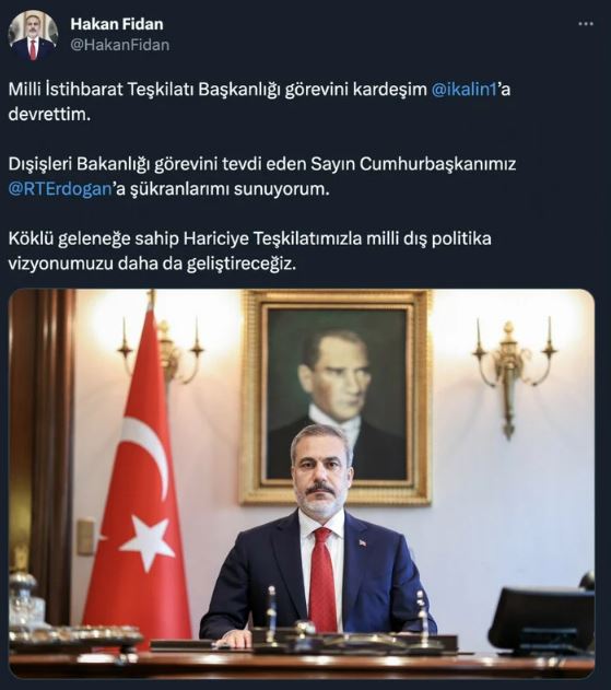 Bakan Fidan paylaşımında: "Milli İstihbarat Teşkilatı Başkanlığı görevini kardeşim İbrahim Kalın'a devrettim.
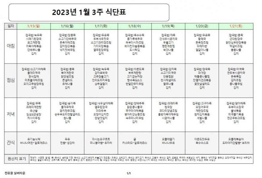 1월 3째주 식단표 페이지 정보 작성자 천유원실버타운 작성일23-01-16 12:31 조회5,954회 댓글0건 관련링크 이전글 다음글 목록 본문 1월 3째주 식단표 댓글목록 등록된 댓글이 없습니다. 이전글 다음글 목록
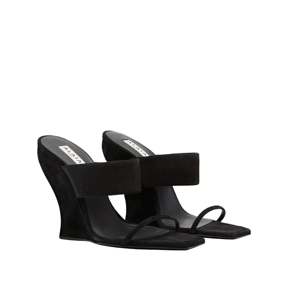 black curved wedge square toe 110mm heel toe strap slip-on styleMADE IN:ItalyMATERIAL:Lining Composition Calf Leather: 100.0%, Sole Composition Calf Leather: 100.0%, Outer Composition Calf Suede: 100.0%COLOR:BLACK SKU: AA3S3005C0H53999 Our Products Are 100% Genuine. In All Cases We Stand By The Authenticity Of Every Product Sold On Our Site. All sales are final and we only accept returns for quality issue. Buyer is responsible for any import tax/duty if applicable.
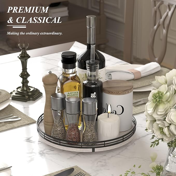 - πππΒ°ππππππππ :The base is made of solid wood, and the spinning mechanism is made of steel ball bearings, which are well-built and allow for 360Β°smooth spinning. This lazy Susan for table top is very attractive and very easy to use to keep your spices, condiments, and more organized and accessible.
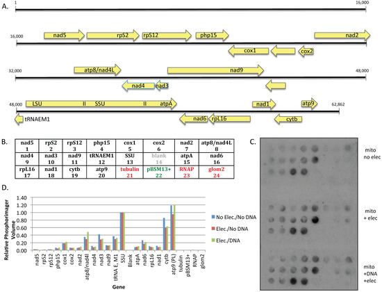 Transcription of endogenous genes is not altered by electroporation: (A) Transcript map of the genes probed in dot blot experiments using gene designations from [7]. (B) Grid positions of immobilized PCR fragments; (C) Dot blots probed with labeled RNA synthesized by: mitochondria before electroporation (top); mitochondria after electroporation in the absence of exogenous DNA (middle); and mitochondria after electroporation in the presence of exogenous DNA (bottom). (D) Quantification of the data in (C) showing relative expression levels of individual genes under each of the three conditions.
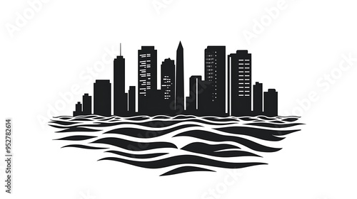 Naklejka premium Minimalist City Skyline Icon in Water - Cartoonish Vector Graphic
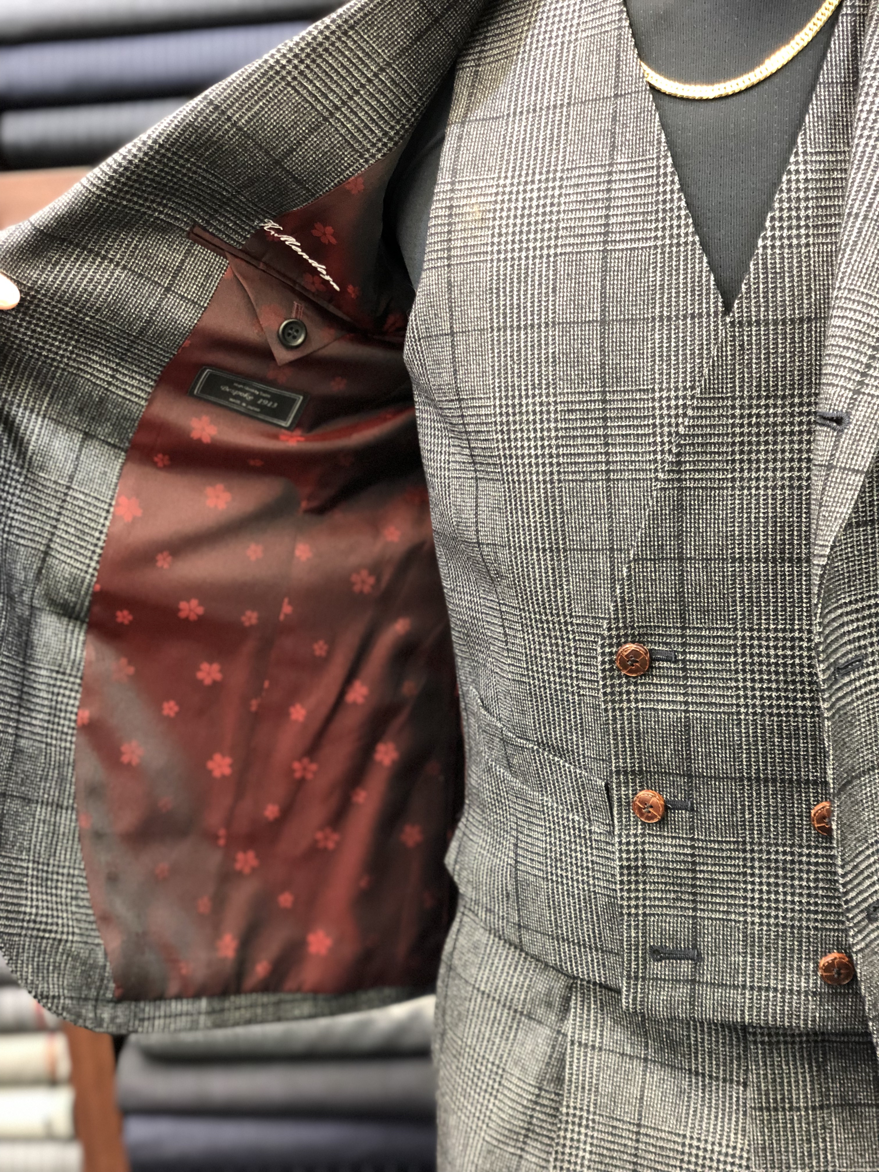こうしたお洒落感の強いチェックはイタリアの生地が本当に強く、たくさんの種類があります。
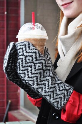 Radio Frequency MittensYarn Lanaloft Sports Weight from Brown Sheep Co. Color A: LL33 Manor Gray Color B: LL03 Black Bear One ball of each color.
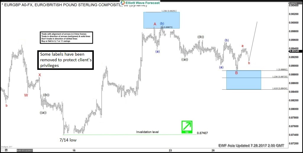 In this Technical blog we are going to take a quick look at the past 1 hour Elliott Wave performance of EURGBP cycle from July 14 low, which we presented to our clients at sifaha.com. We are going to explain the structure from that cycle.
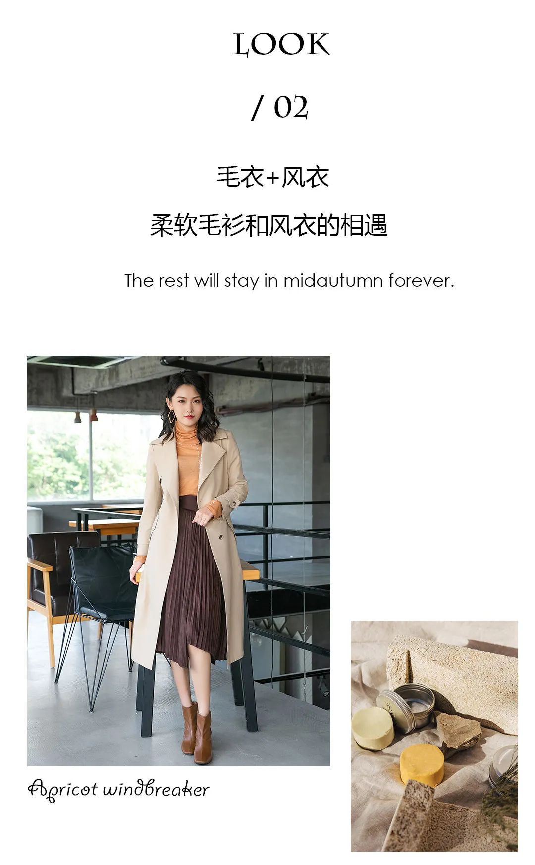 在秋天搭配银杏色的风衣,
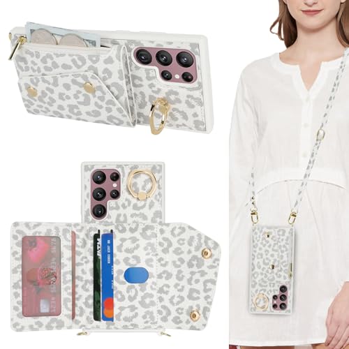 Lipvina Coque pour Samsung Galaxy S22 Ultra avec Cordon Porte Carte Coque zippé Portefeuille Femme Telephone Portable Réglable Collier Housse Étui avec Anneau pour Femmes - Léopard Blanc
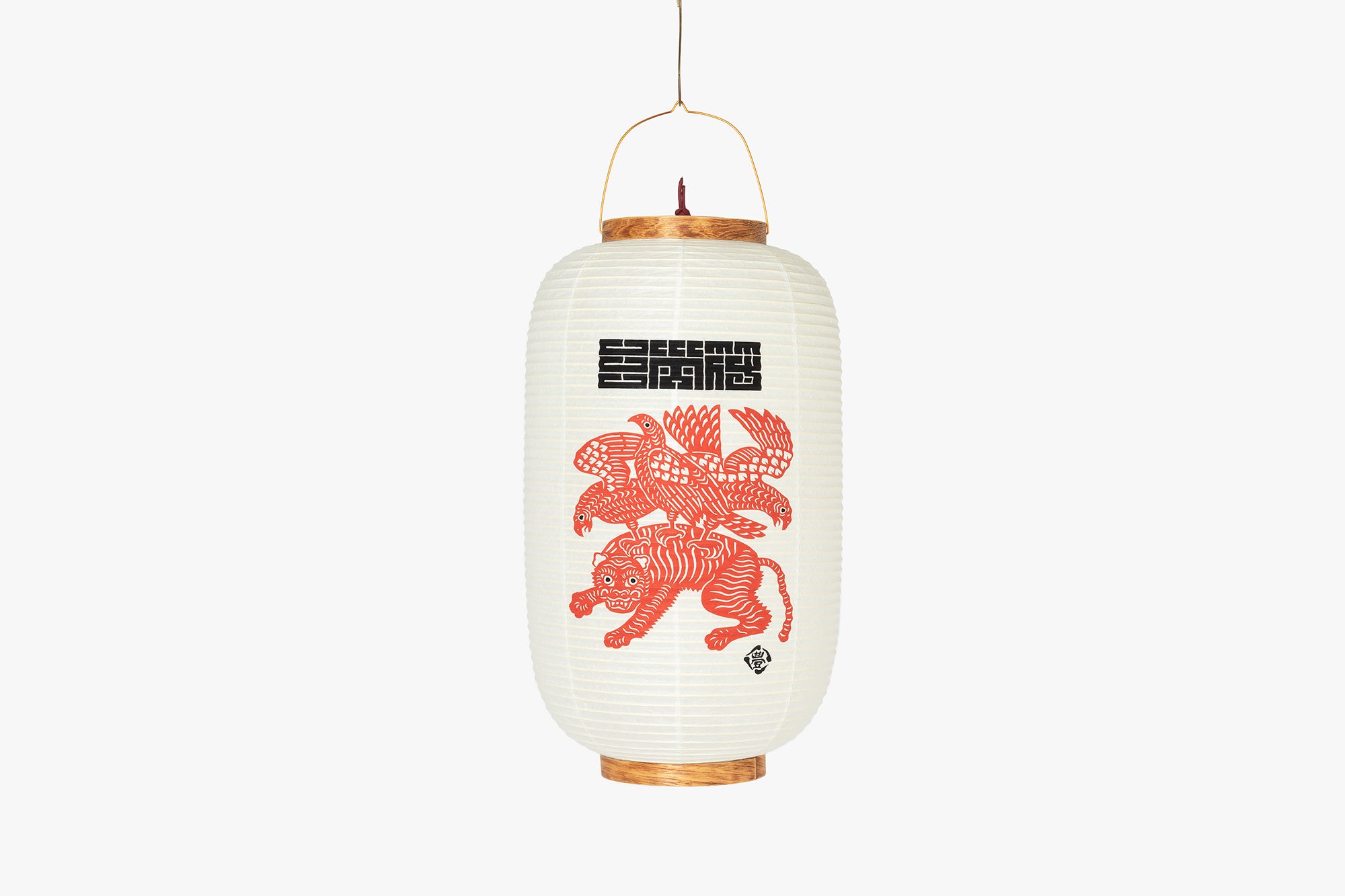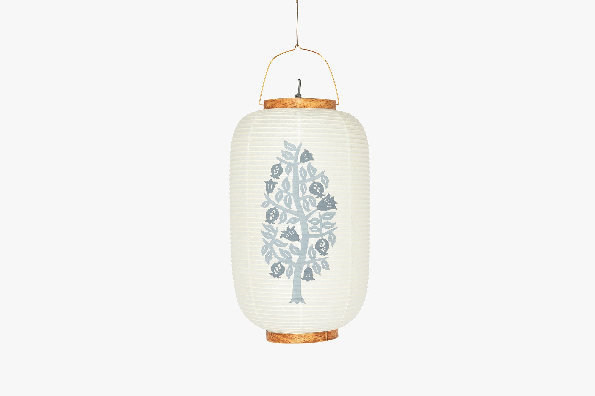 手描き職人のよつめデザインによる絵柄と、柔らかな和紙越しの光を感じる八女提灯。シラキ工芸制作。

────────────────────

#### Task brief:
With the images omitted, retype the records above exactly.

#### Answer to this exercise:
 Bakan Fidan paylaşımında: "Milli İstihbarat Teşkilatı Başkanlığı görevini kardeşim İbrahim Kalın'a devrettim.
 1월 3째주 식단표 페이지 정보 작성자 천유원실버타운 작성일23-01-16 12:31 조회5,954회 댓글0건 관련링크 이전글 다음글 목록 본문 1월 3째주 식단표 댓글목록 등록된 댓글이 없습니다. 이전글 다음글 목록
 black curved wedge square toe 110mm heel toe strap slip-on styleMADE IN:ItalyMATERIAL:Lining Composition Calf Leather: 100.0%, Sole Composition Calf Leather: 100.0%, Outer Composition Calf Suede: 100.0%COLOR:BLACK SKU: AA3S3005C0H53999 Our Products Are 100% Genuine. In All Cases We Stand By The Authenticity Of Every Product Sold On Our Site. All sales are final and we only accept returns for quality issue. Buyer is responsible for any import tax/duty if applicable.
 - πππΒ°ππππππππ :The base is made of solid wood, and the spinning mechanism is made of steel ball bearings, which are well-built and allow for 360Β°smooth spinning. This lazy Susan for table top is very attractive and very easy to use to keep your spices, condiments, and more organized and accessible.
 Transcription of endogenous genes is not altered by electroporation: (A) Transcript map of the genes probed in dot blot experiments using gene designations from [7]. (B) Grid positions of immobilized PCR fragments; (C) Dot blots probed with labeled RNA synthesized by: mitochondria before electroporation (top); mitochondria after electroporation in the absence of exogenous DNA (middle); and mitochondria after electroporation in the presence of exogenous DNA (bottom). (D) Quantification of the data in (C) showing relative expression levels of individual genes under each of the three conditions.
 Naklejka premium Minimalist City Skyline Icon in Water - Cartoonish Vector Graphic
こうしたお洒落感の強いチェックはイタリアの生地が本当に強く、たくさんの種類があります。
 Radio Frequency MittensYarn Lanaloft Sports Weight from Brown Sheep Co. Color A: LL33 Manor Gray Color B: LL03 Black Bear One ball of each color.
 In this Technical blog we are going to take a quick look at the past 1 hour Elliott Wave performance of EURGBP cycle from July 14 low, which we presented to our clients at sifaha.com. We are going to explain the structure from that cycle.
 在秋天搭配银杏色的风衣,
 Lipvina Coque pour Samsung Galaxy S22 Ultra avec Cordon Porte Carte Coque zippé Portefeuille Femme Telephone Portable Réglable Collier Housse Étui avec Anneau pour Femmes - Léopard Blanc
 手描き職人のよつめデザインによる絵柄と、柔らかな和紙越しの光を感じる八女提灯。シラキ工芸制作。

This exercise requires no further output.